Their little house was in the woods so it was only a short walk to the berry patch. Tai-Tai carried a small silver pail that was only for putting blackberries in and it held just the right amount for one pies worth of berries. It had been in the family forever, and Tai-Tai was far from the first child that had carried it.

She had picked half a pail when she heard a sound not far behind her, it was sort of a grunt and sort of a grown and sort of a sign. The ten year old girl knew exactly what kind of animal made that sort of sound, and she knew why. It was a brown bear and it loved blackberries just as much as she and her aunt did. The berries grew in the woods and the humans and bear shared them as did other creatures that lived there.

But Tai-Tai knew she was in trouble because bears did not always ask politely if they could have some berried, sometimes they just took them an because they had long claws on the end of their paws, the person holding the pail could get scratched. Rather badly I am afraid.

Now Tai-Tai had an emergency plan for when something like this happened. She knew of a small cave close by and swift as could be she darted into the cave as far as she could go, because even though it was a cave to her it was really just a huge hole in the side of a hill.

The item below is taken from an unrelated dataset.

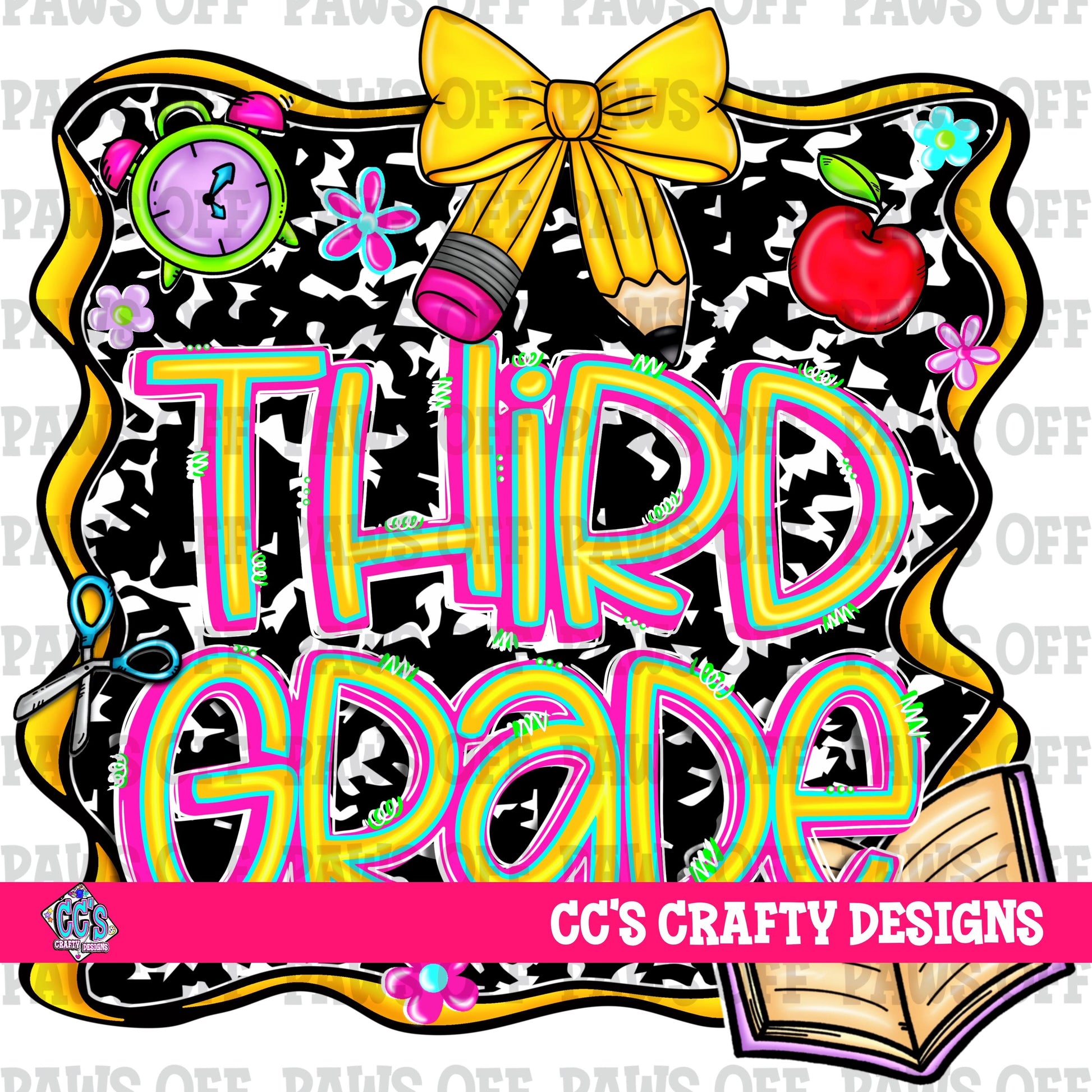 Start the school year in style with this colorful Third Grade PNG digital download — perfect for back to school shirts, teacher gifts, and first day of school crafts! This design features bold “Third Grade” lettering on a black-and-white composition notebook background, decorated with a pencil bow, alarm clock, school bus, apple book, and colorful flowers.

The bear came after her with a roar that silenced the woods and made Tai-Tai tremble. In her agitation she picked up a stick and rolled it between her palms back and forth, forth and back. What to do? What to do? It seemed like she had been pondering that question for a long time, really three minutes, but a very long three minutes, and she rolled her eyes in exasperation at her predicament. As she did so she saw something on the roof of the cave.

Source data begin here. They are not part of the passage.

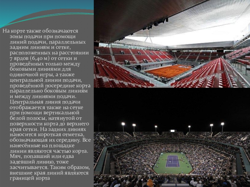 Слайд 4На корте также обозначаются зоны подачи при помощи линий подачи, параллельных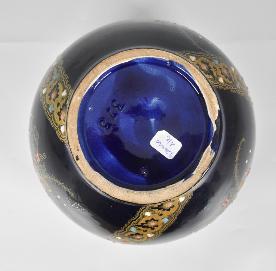 Paire de petites jardinières sur piédouche en faïence à décor émaillé de fleurs et de frises florales sur fond bleu Sèvres, rehauts dorés, H. 24 cm, D. 18 cm (usures).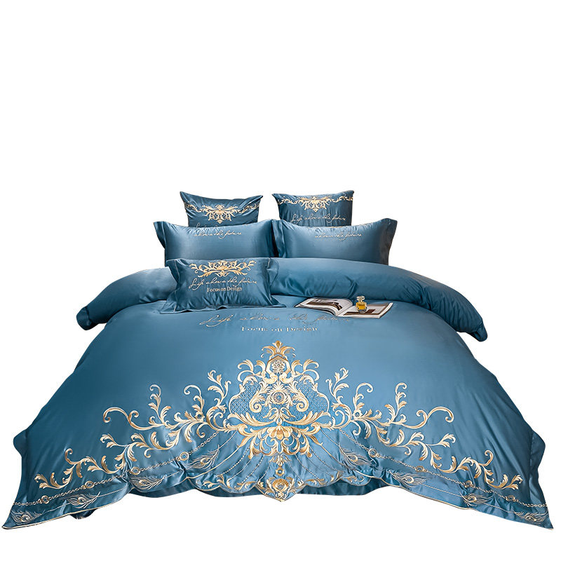 High-end light and luxurious cotton four pieces style 100 whole cotton embroidered silk quilt cover sheet European-style bed with supplies 1 8 bed hat

It was a spider web that stretched from side to side and in the center was a spider, a rather large gray spider that looked down thoughtfully as the girl looked thoughtfully up.

“I think you need help my child.”

“Really,” she said scornfully, and as she said it she was sorry because then she knew she was talking to Grandmother Spider who had come to help her.

“I don't know what to do.” she admitted. “Aunt will be looking for me and she will be worried. If she comes looking here she will run into the bear and there will be trouble. Can you help?”

“That I can do,” answered the spider. “Put the end of your stick into the edge of my web and then turn it until it is all covered. It is very sticky. Put it out of the cave as far as you can

reach and the bear will grab it with both paws. Then you will be able to leave.”

Tai-Tai was not entirely sure of how this would work out but she trusted Grandmother Spider so she did as she said. The bear grabbed the stick and was so bewildered to find its paws stick together around it that it just sat right down and stared.

It looked funny, a huge brown bear sitting on its back legs while its front paws held a stick. Tai-Tai wanted to laugh but she put both hands over her mouth because she didn't want the bear to hear her. It looked like it wouldn't pay her any attention, but you can never be sure.

“Thank you Grandmother Spider.”

“You are so welcome, Tai-Tai, enjoy the pie.”

“I have to pick more berries,” she said or started to say, because when she looked down the pail was full. There were just enough for one pie, just enough for her and her aunt.

“Any trouble finding the berries?” asked her aunt when she arrived back home.

“Nope,” she answered with a smile. “No trouble at all.”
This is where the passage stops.